Let’s remember that there are two sides to every coin. As financial systems become more digital, interconnected, and increasingly real-time, the risks associated with fraud and financial crime keep getting more complex as well. Fraudsters and other bad actors are often exploiting the same technologies and faster infrastructures that are being introduced to improve efficiency and client experience.

One of the best weapons in the fight against these risks is data, especially when it is shared. Anyone wanting to detect suspicious activity cannot expect to be any good at it if they are doing it in isolation because the name of the game, even more so than it ever was in a pre-digital world, is identifying patterns, behaviours, and anomalies across much larger flows of information. Naturally, this creates new demands around data quality and interoperability, all in the pursuit of being able to respond quickly to emerging threats.

As payments become faster and more interconnected, firms will need to continue strengthening governance and information-sharing efforts if they want to have any hope of keeping pace with increasingly sophisticated forms of financial crime.

AI as an Industry Inflection Point

Of course, it would not be a transaction banking conference in 2026 without several conversations around AI, specifically agentic AI and the seemingly endless number of possibilities that these systems bring.

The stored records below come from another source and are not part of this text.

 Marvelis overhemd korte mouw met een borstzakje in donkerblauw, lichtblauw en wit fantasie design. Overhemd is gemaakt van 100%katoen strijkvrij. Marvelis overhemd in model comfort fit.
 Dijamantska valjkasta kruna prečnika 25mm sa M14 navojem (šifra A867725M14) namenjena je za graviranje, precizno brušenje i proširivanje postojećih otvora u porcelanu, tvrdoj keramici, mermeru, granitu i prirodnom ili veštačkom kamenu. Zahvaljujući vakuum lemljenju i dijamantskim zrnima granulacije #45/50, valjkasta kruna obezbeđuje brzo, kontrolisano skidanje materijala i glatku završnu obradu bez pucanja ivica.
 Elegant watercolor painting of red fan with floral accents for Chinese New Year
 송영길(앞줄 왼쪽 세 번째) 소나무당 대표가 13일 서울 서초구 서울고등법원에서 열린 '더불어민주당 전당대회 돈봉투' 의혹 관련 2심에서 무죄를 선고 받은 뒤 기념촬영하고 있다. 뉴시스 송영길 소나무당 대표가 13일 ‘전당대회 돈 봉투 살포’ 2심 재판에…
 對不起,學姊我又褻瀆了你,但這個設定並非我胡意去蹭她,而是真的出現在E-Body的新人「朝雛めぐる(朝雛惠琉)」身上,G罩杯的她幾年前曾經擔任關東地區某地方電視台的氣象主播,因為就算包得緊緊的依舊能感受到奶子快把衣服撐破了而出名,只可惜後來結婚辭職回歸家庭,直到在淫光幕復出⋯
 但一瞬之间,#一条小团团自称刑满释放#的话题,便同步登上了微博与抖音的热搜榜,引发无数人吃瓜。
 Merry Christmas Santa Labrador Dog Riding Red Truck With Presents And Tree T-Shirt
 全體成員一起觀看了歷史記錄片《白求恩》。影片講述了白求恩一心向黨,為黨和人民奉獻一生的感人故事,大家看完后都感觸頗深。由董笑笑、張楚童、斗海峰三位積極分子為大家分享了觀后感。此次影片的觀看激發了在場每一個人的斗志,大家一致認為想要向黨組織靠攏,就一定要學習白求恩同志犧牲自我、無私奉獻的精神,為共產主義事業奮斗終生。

But amidst the awe and wonder, there was also a strong undertone of caution around the pace of adoption. AI does not magically fix broken processes or poor governance, and it is not an end-all solution for fragmented data environments. In fact, many institutions are finding that the success or failure of AI initiatives depends less on the sophistication of the models themselves and more on the quality of the underlying infrastructure and controls supporting them.

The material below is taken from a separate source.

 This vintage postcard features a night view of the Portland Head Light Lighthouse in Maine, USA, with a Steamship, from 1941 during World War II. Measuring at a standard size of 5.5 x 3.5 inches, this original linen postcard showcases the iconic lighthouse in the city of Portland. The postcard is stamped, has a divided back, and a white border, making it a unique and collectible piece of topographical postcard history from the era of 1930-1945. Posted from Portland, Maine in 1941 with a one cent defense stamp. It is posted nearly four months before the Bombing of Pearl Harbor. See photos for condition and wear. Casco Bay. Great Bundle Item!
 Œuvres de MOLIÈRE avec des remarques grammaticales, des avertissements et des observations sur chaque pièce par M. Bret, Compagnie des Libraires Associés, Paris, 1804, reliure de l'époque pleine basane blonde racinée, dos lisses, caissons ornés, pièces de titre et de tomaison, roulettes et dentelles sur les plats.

Data fragmentation across legacy systems is one of the largest barriers to scaling meaningful AI adoption inside financial institutions. And while intelligent agents may eventually help accelerate areas such as compliance and customer servicing, there was broad recognition that stronger governance frameworks and human oversight are just as, if not more, critical. After all, the same technologies capable of accelerating decision-making can also accelerate mistakes.

A Treasurer’s Panel

Remember corporates? The folks that are ultimately the end users of many of the banking systems and services being discussed throughout the event. We wanted to make sure that we heard from them too, and they had a lot to say about the environment they find themselves in, riddled with geopolitical instability, tariffs, shifting trade flows, and market volatility.

Unsurprisingly, then, one major theme from this panel was the need for agility. In a world where disruptions can come at a tweet’s notice and ripple across supply chains and markets almost immediately, treasury teams have no choice but to think more dynamically about liquidity and risk management. Long-term uncertainty, many suggested, is now an embedded feature of the global environment.

At the same time, corporates care a lot more about practical outcomes than they do about technological hype. While treasurers are certainly interested in developments around AI, digital assets, and faster payments, their priority is having systems that are reliable and interoperable, so they can operate smoothly across multiple banking partners and jurisdictions.